Il a été observé après l'entrée des forces du GNA dans les villes de l’ouest de Tripoli que le nombre de migrants a augmenté dans leurs lieux de rassemblement habituels au milieu de ces villes comme Sabratha et Surman. Les migrants se réunissaient généralement dans certains endroits où ils offrent leurs services pour le travail quotidien. Le retour des passeurs, le chaos sécuritaire et le nombre croissant de migrants pourraient être suivis dans les prochains mois par la reprise des flux migratoires vers l'Europe. Ainsi des membres de l’association libyenne « centre de la méditerranée », active dans les villes de l’ouest de la Libye dans la défense des droits des migrants, ont constaté lors de leurs visites de terrain durant les mois de mars et avril 2020, que le nombre des migrants a sensiblement augmenté dans les lieux habituellement connus comme points de regroupement des migrants pour offrir leurs forces de travail. Cette hausse pourrait s’expliquer par un contrôle plus faible exercé par les forces du GNA sur la question relative à la migration irrégulière mais aussi par l’état de chaos et désordre sécuritaire actuel.

Par conséquent, les conditions climatiques aidant, les paramètres en place pourraient à nouveau incitées le retour de ces flux migratoires vers l'Europe dans les prochains mois. En outre, les conditions favorables dans le sud et le centre de la Libye le long de la route migratoire, pourraient générer un accroissement de ce type de trafic. Depuis les deux derniers mois et plus, la route centrale empruntée par les trafiquants, échappe au contrôle des deux forces en place. De la frontière entre la Libye et le Niger, en passant par les villes de Mourzok, Sabha et Jofra pour atteindre Bani El Walid, toute cette route est aujourd’hui le théâtre d’un trafic qui se renforce.

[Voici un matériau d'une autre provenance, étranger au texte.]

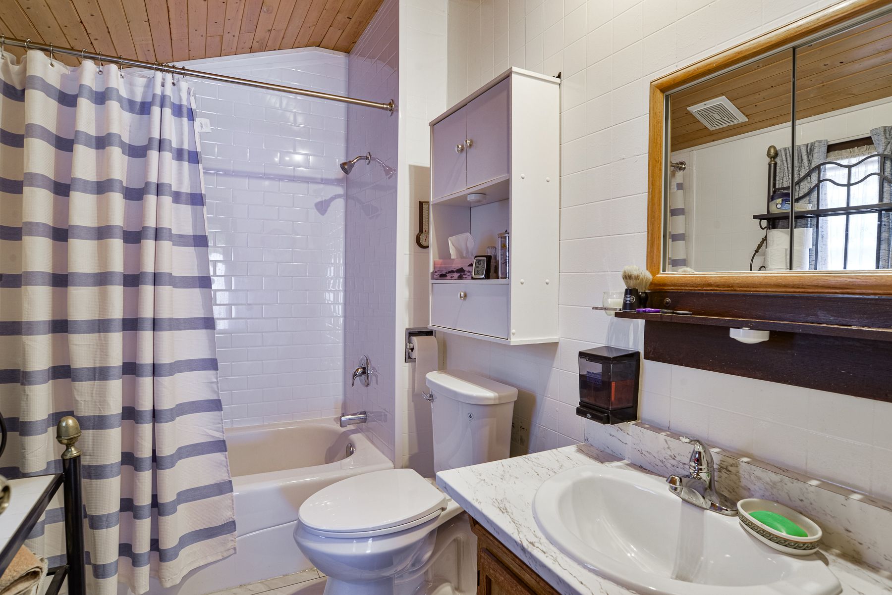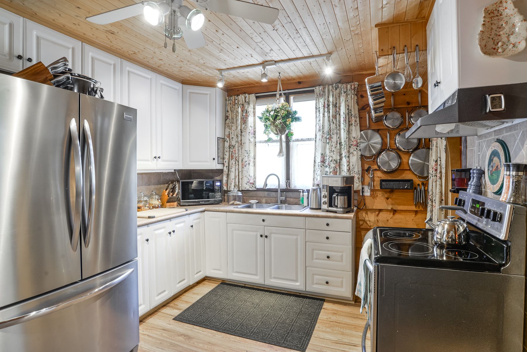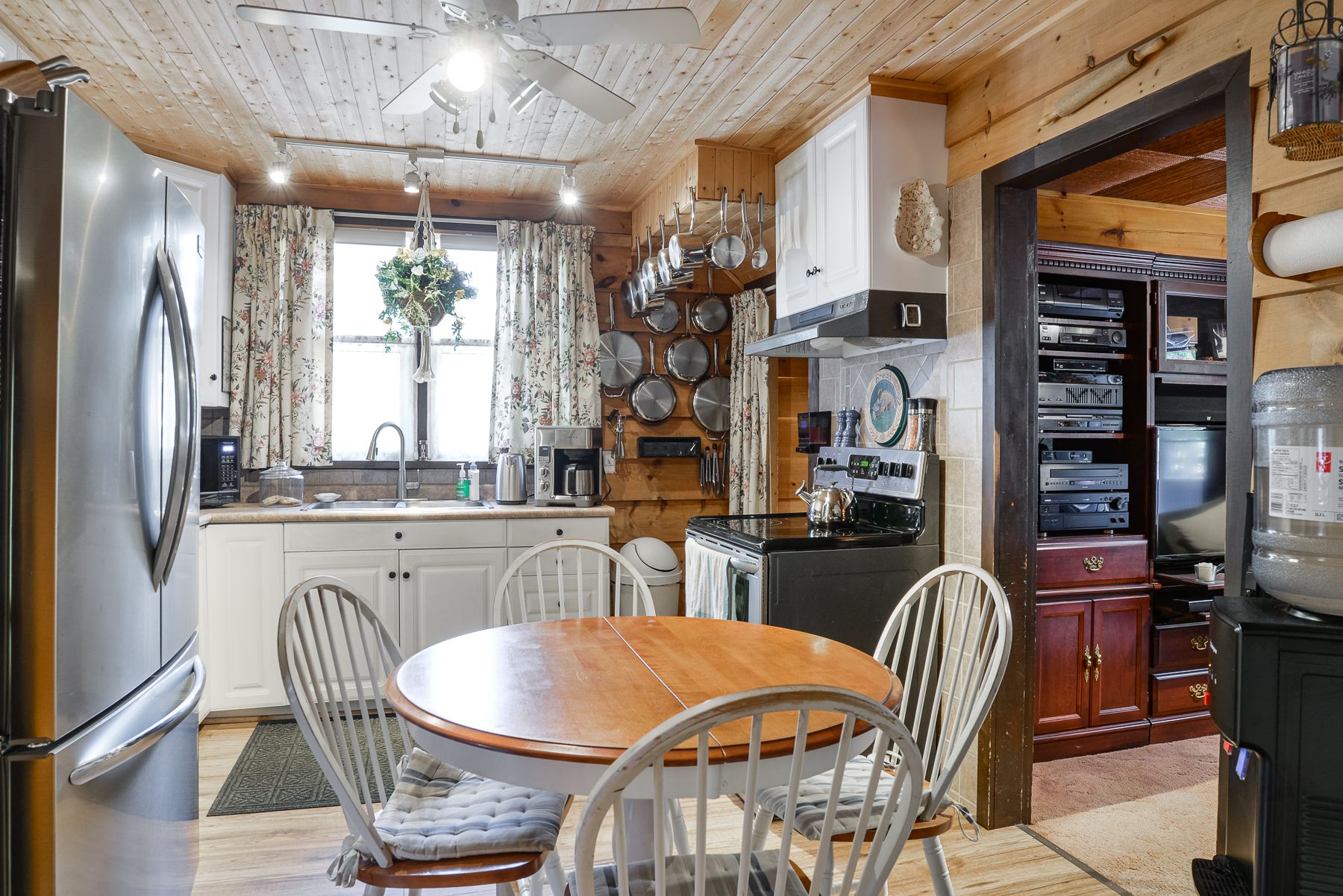 Welcome to 269 main street, nestled in the quaint town of kearney, where you will find yourself surrounded by water and tranquility. There have been over $100,000 in upgrades and renovations completed within the past year. Blending modern improvements with warm, inviting character, this property is move-in ready. The main floor features a spacious primary bedroom for convenient single-level living. Enjoy cooking and gathering in the refreshed kitchen, complete with new flooring, while the dining room, bedrooms and upper hallway are enhanced by stunning new pine slat ceilings that add warmth and charm throughout. Both bathrooms have been updated with new tub surrounds and toilets, along with a new vanity in the lower bathroom and updated plumbing in the upper bath for added peace of mind. Step outside to a well-manicured lot, fully enclosed with a brand new privacy fence and three access gates-perfect for families, pets, or entertaining. Relax on the covered front porch or take advantage of the oversized single detached garage for additional storage and parking. Additional highlights include a recently resurfaced steel roof with added ice blockers, woodstove (2021), windows (2022), deck (2025), carpet (2025), pressure pump & plumbing (2025), and an iron filter system. This meticulously cared for home offers the perfect blend of comfort, functionality, and value-don't miss your opportunity to make it yours!

La détérioration de la sécurité et des conditions économiques en Libye pourrait également renforcer l'activité des passeurs du sud du pays vers les côtes libyennes. L'état de stagnation et de récession économique que connaissent presque tous les pays du monde pourrait être un autre motif de flux de migrants vers la Libye et ensuite vers l'Europe au cours des prochains mois. Une grande partie des migrants pourrait aussi être poussé au départ par une situation de famine fort envisageable

Trois scénarios pour l’évolution des flux migratoires vers la Libye et de là vers l'Europe

En ayant identifié la situation actuelle en Libye et dans les pays voisins, et bien que dans ce domaine, le manque de données fiables et la complexité de la situation rendent toute tentative de prévision périlleuse, il serait raisonnable de se projeter en proposant les scénarios suivants relatifs à la dynamique des flux migratoires au cours des prochains mois :

Le premier scénario, que nous pouvons qualifier du « scénario négatif » ou « du pire », est cependant le plus probable. Il est lié à l'augmentation des flux migratoires vers la Libye et de là vers l'Europe, Ce scénario dépend des indicateurs suivants:

1- La détérioration des conditions économiques dans de nombreux pays du monde, en particulier en Afrique subsaharienne, en raison des crises économiques que le monde connaît en raison de la propagation de la pandémie Covid-19, peut avoir de graves répercussions sur les pays en développement. Cela peut entraîner des crises économiques, peut-être des famines et une instabilité politique et sécuritaire dans ces pays à moyen terme. Cette situation peut entraîner des flux importants de migrants des pays voisins de la Libye et de l'Afrique subsaharienne vers la Libye et de là vers l'Europe.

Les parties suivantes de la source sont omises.